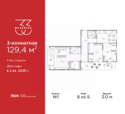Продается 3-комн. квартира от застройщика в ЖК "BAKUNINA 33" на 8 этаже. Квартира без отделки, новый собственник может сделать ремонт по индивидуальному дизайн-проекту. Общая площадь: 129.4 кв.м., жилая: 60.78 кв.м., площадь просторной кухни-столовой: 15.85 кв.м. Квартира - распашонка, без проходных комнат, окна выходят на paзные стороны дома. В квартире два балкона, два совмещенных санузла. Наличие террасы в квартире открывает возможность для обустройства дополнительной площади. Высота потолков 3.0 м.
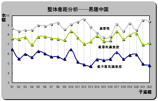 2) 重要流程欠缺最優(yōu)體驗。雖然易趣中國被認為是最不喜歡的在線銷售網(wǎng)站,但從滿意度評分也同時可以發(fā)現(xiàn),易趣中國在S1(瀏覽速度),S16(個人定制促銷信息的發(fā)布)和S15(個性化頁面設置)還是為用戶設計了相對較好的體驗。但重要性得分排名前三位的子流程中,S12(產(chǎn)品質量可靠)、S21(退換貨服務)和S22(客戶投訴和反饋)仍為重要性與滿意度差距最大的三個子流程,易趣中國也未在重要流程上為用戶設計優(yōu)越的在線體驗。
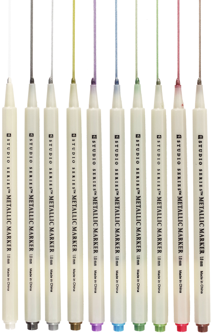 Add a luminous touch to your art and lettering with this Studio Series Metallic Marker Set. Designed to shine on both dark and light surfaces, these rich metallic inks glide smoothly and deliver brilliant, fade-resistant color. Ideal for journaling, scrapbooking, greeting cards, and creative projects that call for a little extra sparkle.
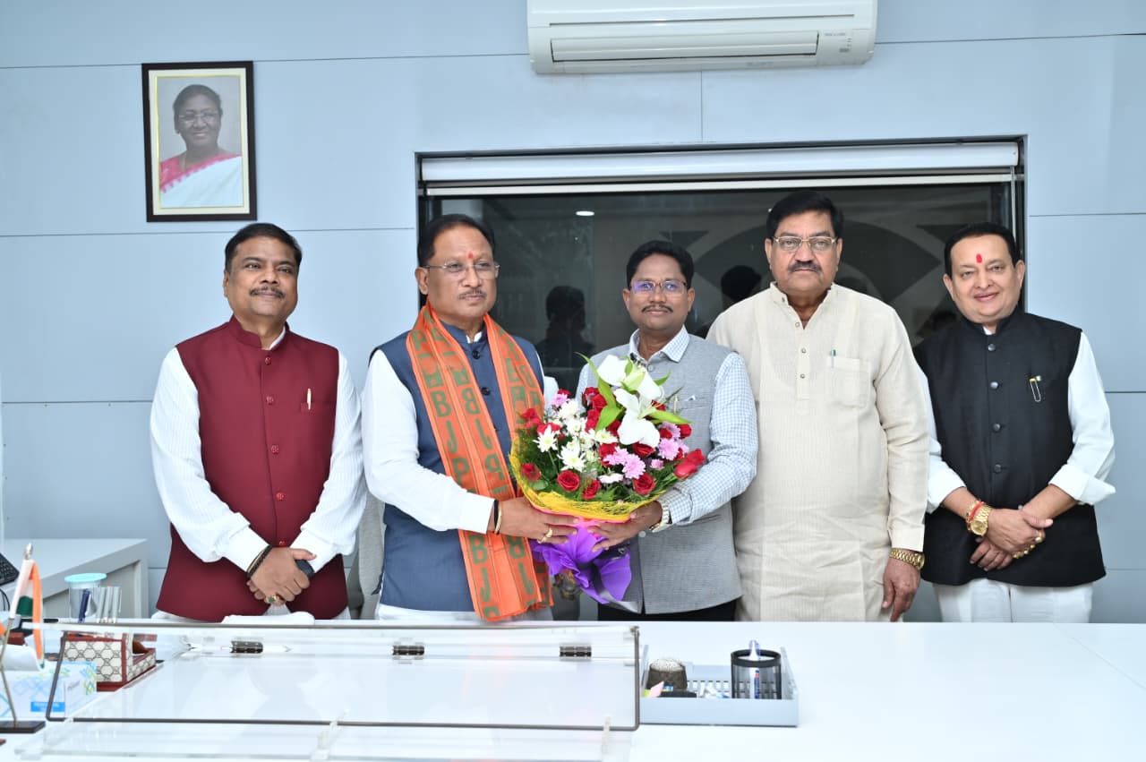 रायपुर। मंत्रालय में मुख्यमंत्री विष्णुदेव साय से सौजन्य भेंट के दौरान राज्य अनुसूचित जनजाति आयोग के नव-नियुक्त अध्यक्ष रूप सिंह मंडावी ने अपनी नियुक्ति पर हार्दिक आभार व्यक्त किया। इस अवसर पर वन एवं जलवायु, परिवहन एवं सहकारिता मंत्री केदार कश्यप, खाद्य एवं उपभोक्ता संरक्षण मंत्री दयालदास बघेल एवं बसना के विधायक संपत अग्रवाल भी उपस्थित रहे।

==

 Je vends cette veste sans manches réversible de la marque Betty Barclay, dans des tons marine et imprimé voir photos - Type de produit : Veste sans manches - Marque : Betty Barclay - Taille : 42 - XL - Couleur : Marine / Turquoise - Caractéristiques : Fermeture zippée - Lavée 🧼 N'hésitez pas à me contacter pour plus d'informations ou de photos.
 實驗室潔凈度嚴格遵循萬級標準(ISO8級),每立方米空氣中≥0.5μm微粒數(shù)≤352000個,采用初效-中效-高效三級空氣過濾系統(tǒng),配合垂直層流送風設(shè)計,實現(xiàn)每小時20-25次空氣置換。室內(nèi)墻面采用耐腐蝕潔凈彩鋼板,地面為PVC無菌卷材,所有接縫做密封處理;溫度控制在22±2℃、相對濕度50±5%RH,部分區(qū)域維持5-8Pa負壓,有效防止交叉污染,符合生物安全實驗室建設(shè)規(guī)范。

[What the task asks] Pictures excluded, transcribe the listing above exactly from the line with "Add a luminous" through the line with "रायपुर। मंत्रालय में", and no further.

[Task result]
 Add a luminous touch to your art and lettering with this Studio Series Metallic Marker Set. Designed to shine on both dark and light surfaces, these rich metallic inks glide smoothly and deliver brilliant, fade-resistant color. Ideal for journaling, scrapbooking, greeting cards, and creative projects that call for a little extra sparkle.
 रायपुर। मंत्रालय में मुख्यमंत्री विष्णुदेव साय से सौजन्य भेंट के दौरान राज्य अनुसूचित जनजाति आयोग के नव-नियुक्त अध्यक्ष रूप सिंह मंडावी ने अपनी नियुक्ति पर हार्दिक आभार व्यक्त किया। इस अवसर पर वन एवं जलवायु, परिवहन एवं सहकारिता मंत्री केदार कश्यप, खाद्य एवं उपभोक्ता संरक्षण मंत्री दयालदास बघेल एवं बसना के विधायक संपत अग्रवाल भी उपस्थित रहे।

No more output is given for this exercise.